The so-called mortgage-backed securities that have pushed some of the nation’s biggest financial institutions to collapse consists of home loans that were bundled together and sold to investors. Each security is a unique package of loans from different parts of the country, with different borrower characteristics. The potential for unpleasant surprises is ever-present.
“You’re always worried that the person selling it knows more than you do, that they’ve seen something in the cash flows and they know a problem’s brewing,” said Brad W. Setser, a former Treasury official who is now a fellow at the Council on Foreign Relations.
To take a typical example, consider a $1.7-billion mortgage security marketed by Countrywide Financial Corp. in March 2004.
The portfolio encompasses 7,554 mortgages. About one-fifth are for California homes, most carry adjustable rates and fully one-third are “stated income” loans -- that is, the borrowers were not required to document their incomes.
Evaluating the portfolio requires diving into a 200-page prospectus brimming with tables showing the range of the borrowers’ credit scores (more than half with low scores between 600 and 500), the range of applicable interest rates on the loans, the loan-to-value ratios on the underlying properties and 16 other variables, all disclosed to help buyers calculate the likelihood of delinquencies and foreclosures.
A buyer would also want to subject the portfolio to a “stress test” -- model how the delinquency rate might change given movement in housing prices and overall economic conditions.
These factors are likely to enter into Treasury’s calculation of the price it wants to pay for the securities. But they’re not the only complications.
Another is the need to act quickly. “The difficulty of the task argues for proceeding slowly and building up expertise,” Setser said. “But the need to unfreeze the market may demand speed in getting money out the door.”
Some provisions Congress added to Paulson’s original bailout plan, many of which were ostensibly designed to protect taxpayers’ interests, will further complicate the process. The final bill allows government officials to take equity stakes in institutions that sell their troubled assets to the Treasury and impose limitations on executive compensation. Both represent costs that the selling institutions will tend to consider in setting their sale prices on the assets.
Then there’s the oversight mechanism Congress imposed. Among other things, it requires Treasury to make the details of every transaction public. That’s an admirable effort to create transparency for the bailout program, but it won’t make the buying and selling of the securities any easier.
“The financial and political conflicts, together with the prospect of second-guessing, will make this a Sisyphean task,” said George L. Ball, chairman of the brokerage Sanders Morris Harris Group.
One important consideration will be guarding against conflicts of interest among the government-appointed money managers.
On the face of it, that will be a challenge because bond-trading firms participate in the market for themselves and clients and often manage their own portfolios of mortgage-backed securities. The value of those holdings will be influenced by the prices set through the government program.
The management firms considered likely to seek a role include Pimco, New York-based BlackRock Inc., and Pasadena-based Western Asset Management, all of which manage fixed-income portfolios worth hundreds of billions, including holdings in mortgage-backed securities.
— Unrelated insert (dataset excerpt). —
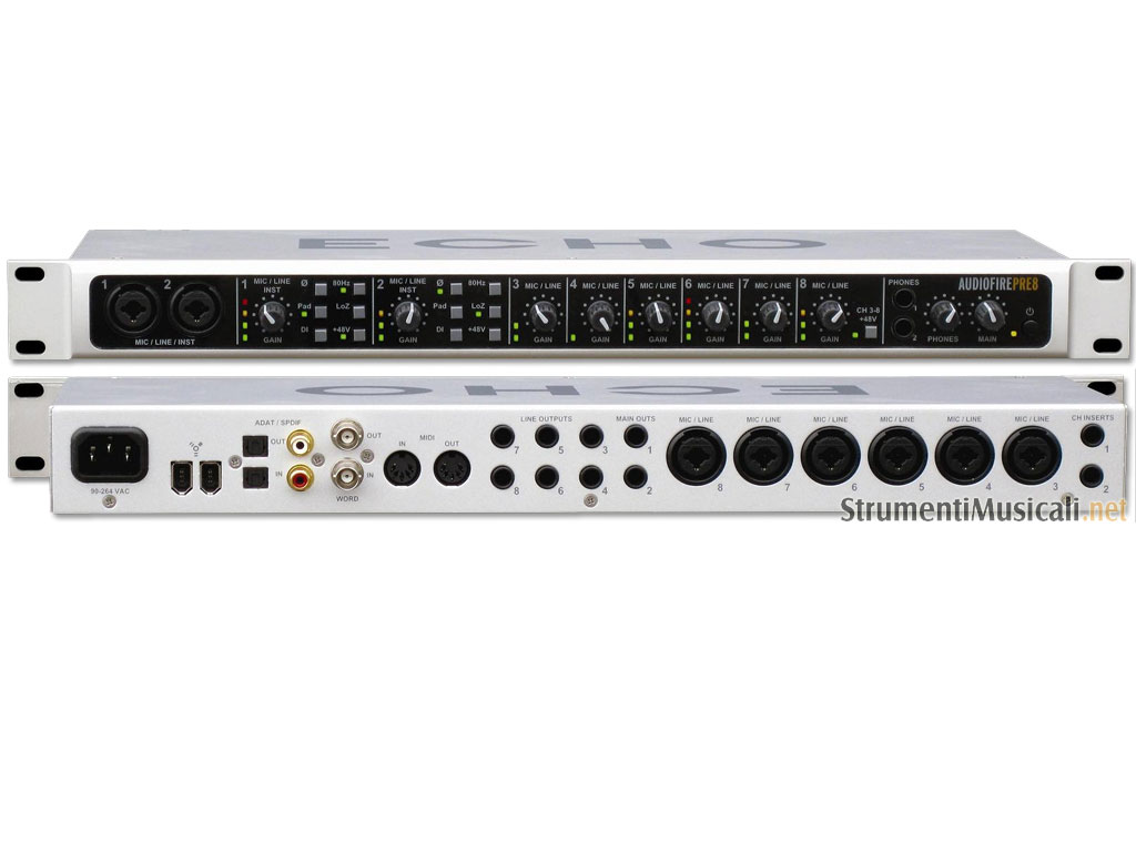 La nuova scheda audio Echo Audiofire Pre8 prevede ben 16 In e 16 Out con 8 pre microfonici. La AudioFire Pre8 si basa sullo stesso hardware di altissimo livello della linea Echo AudioFire, ma con l'importante aggiunta di 8 ingressi universali Auto-Sensing che implementano la tecnologia proprietaria Echo Brilliant per la preamplificazione. Con la AudioFire Pre8 è possibile effettuare registrazioni a 24-bit 96 kHz con monitoring a bassa latenza su qualsiasi sistema desktop o portatile con porta FireWire basato su Windows XP/Vista/7 o Mac OS X.

BlackRock is 49% owned by Merrill Lynch & Co., which is being acquired by Bank of America Corp. Merrill has extensive holdings of mortgage securities, which would arguably rise in value if the government pegged its purchases at a relatively generous price.
On the other hand, Pimco and BlackRock also have programs to acquire distressed securities. That means they might benefit if the Treasury purchased similar assets at the low end of the price scale, which might lower the prices the two firms themselves pay.